Given records:
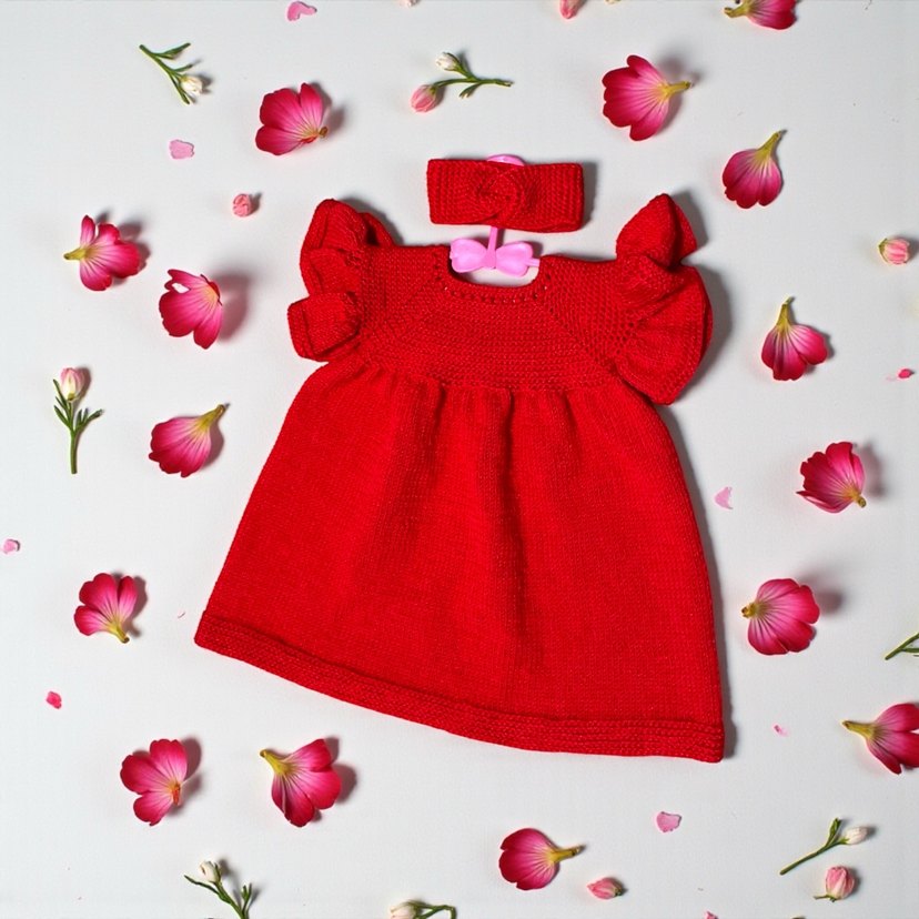 Kırmızı renkli, örgü kumaştan yapılmış, bohem tarzda, kayık yaka ve askılı kollara sahip kız çocuk elbisesi. Aynı kumaştan saç bandı ile birlikte.
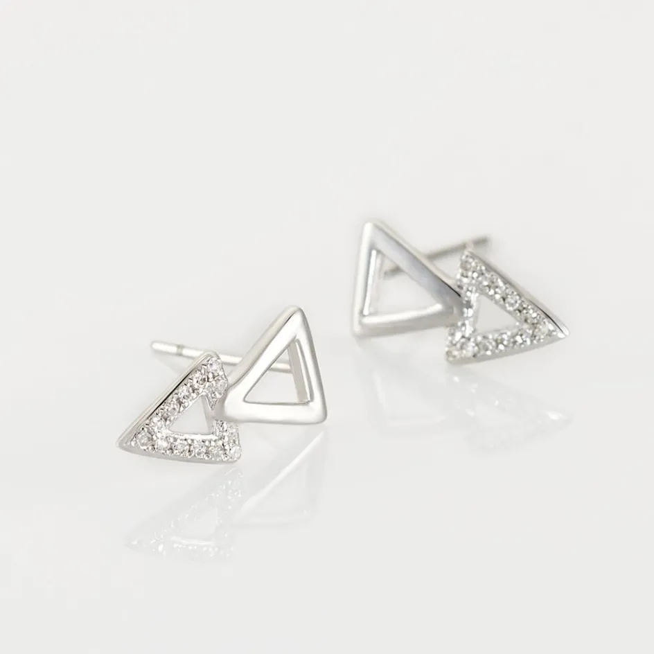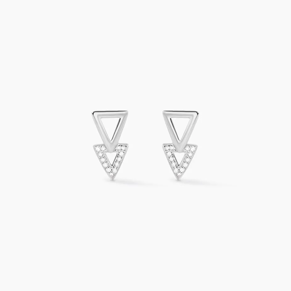 Boucles D’oreilles Or Blanc 375/1000 Double Triangles Diamants
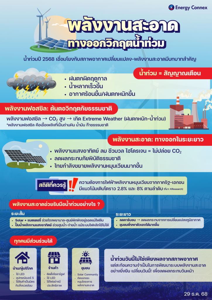 ท่ามกลางเหตุการณ์น้ำท่วมและภัยพิบัติที่มีแนวโน้มรุนแรงขึ้นอย่างต่อเนื่อง พลังงานสะอาดจึงไม่ได้เป็นเพียงภาพของอนาคตที่ยั่งยืน แต่กำลังกลายเป็นกลไกสำคัญในการปรับโครงสร้างพลังงานของประเทศ เพื่อรองรับความเสี่ยงใหม่ และสร้างความพร้อมรับมือกับความท้าทายในระยะยาว
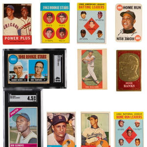 1963 Topps: (163 cards, average VG, includes 15 high numbers) with #2 Mantle/Runnels LL (GD), #3 Aaron/Banks/Mays LL (VG), #25 Kaline (GD), #115 Yastrzemski (VG-EX), #210 Koufax (VG), #228 Oliva RC (VG), #242 Banks/Aaron (FR), #466 Freehan RC (VG), #470 Tresh (VG-EX);
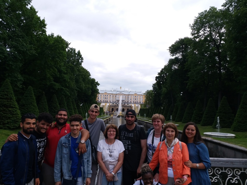 Отдел международного сотрудничества СПбГУТ организовал экскурсию в Петергоф для слушателей подготовительного отделения для иностранных граждан. Вместе с группой в Петергоф выехали и преподаватели подготовительного отделения – Ольга Карева, Илона Эгипти и Елена Печникова.
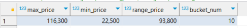 , width_bucket(price, min_price, max_price, bucket_num) AS width_bucket
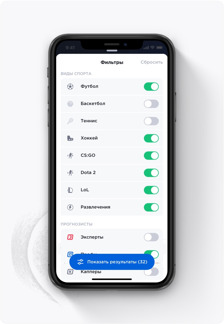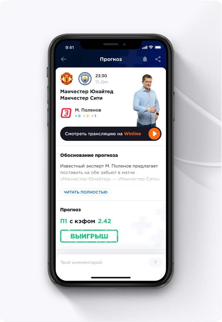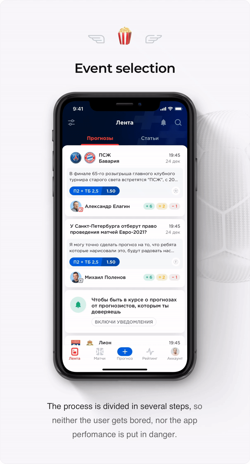 The match center is where all the available games are presented and can be easily accessed. Many various sports and the possibility to easily add even more – one of the most important features of a sports app.
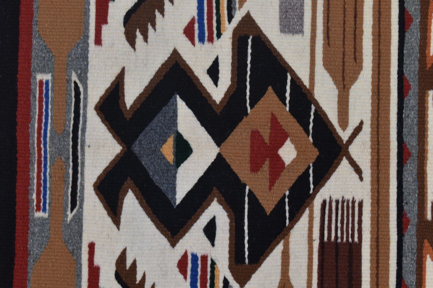 1980's Navajo. Hand woven busy design textile By Daisy Joe. 49'' x 32''
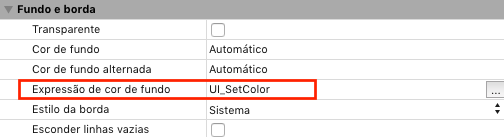 Pode então definir a aparência de linhas selecionadas usando uma ou mais das expressões abaixo especificadas na Lista de Propriedades:
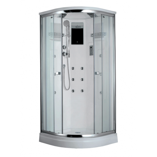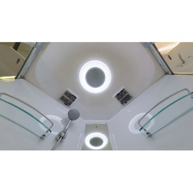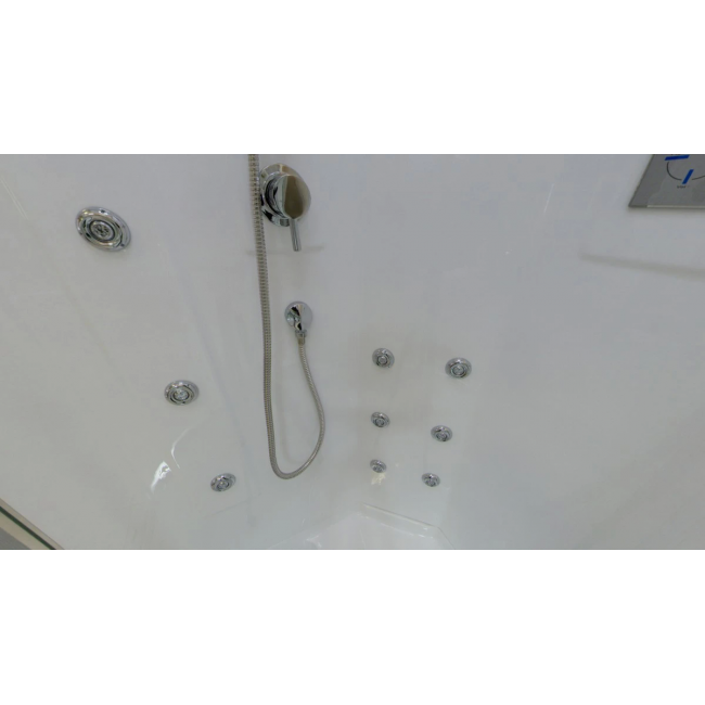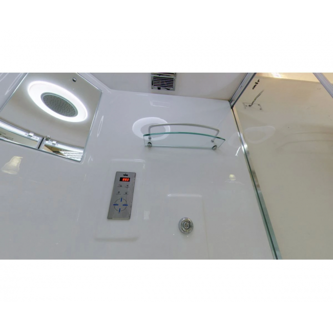 Удобство пользователю обеспечивает невысокий поддон и достаточно широкий проем входа. Полностенное ограждение из закаленного стекла гарантирует устойчивость всей конструкции. В комплект входит зеркало, смеситель, душевая лейка и полки для душевых принадлежностей. Укрепить здоровье пользователя поможет гидромассаж.
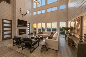 The kitchen flows seamlessly into the living room, which boasts awe-inspiring two-story high ceilings and windows that ascend dramatically from the floor. The grand fireplace complements this design, enhancing the captivating views from both the living room and kitchen.
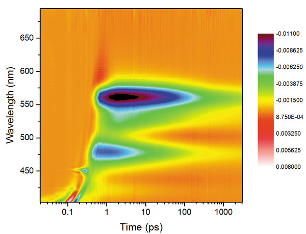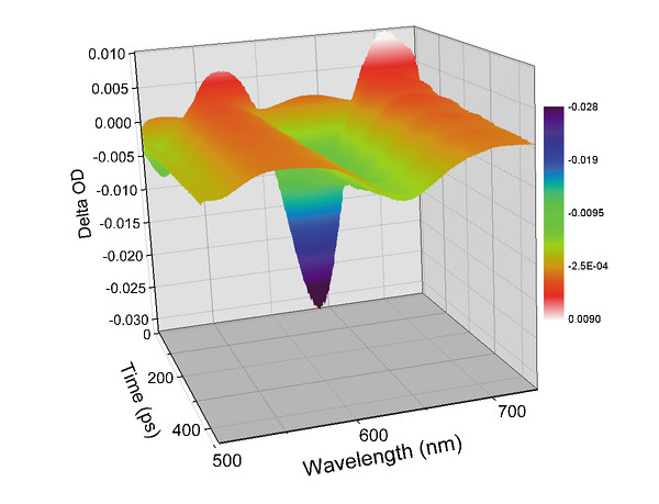 Below is an image of some of the sample data that we’ve collected with TAS. It shows a sample of gold nanorods. In our lab, TAS has been used to help researchers publish papers on the matter. We have also tested nanoparticle, photovoltaic, photosynthetic, and photoinitiator samples, amongst others. Please inquire for a list of papers published using our systems.
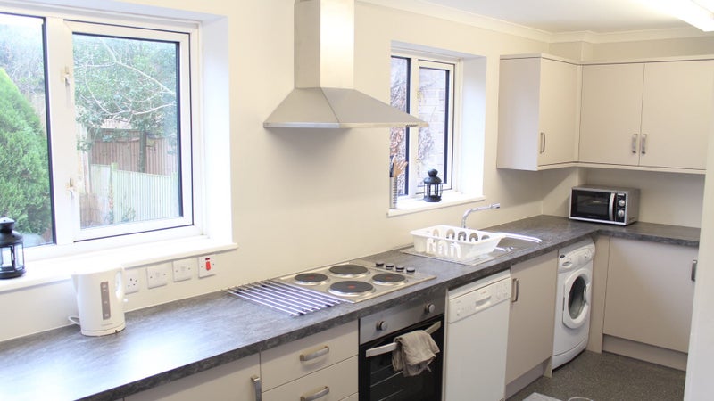 The house has a large fully fitted communal kitchen/dining room, (fully furnished with dishwasher, washer-dryer…), 2 bathrooms, a large garden and parking spaces.

Exercise brief: Please transcribe exactly the lines from the one containing "Pode então definir" through the final line of the data, including both, and nothing else. Pictures are to be left out.

Response area:
 Pode então definir a aparência de linhas selecionadas usando uma ou mais das expressões abaixo especificadas na Lista de Propriedades:
 Удобство пользователю обеспечивает невысокий поддон и достаточно широкий проем входа. Полностенное ограждение из закаленного стекла гарантирует устойчивость всей конструкции. В комплект входит зеркало, смеситель, душевая лейка и полки для душевых принадлежностей. Укрепить здоровье пользователя поможет гидромассаж.
 The kitchen flows seamlessly into the living room, which boasts awe-inspiring two-story high ceilings and windows that ascend dramatically from the floor. The grand fireplace complements this design, enhancing the captivating views from both the living room and kitchen.
 Below is an image of some of the sample data that we’ve collected with TAS. It shows a sample of gold nanorods. In our lab, TAS has been used to help researchers publish papers on the matter. We have also tested nanoparticle, photovoltaic, photosynthetic, and photoinitiator samples, amongst others. Please inquire for a list of papers published using our systems.
 The house has a large fully fitted communal kitchen/dining room, (fully furnished with dishwasher, washer-dryer…), 2 bathrooms, a large garden and parking spaces.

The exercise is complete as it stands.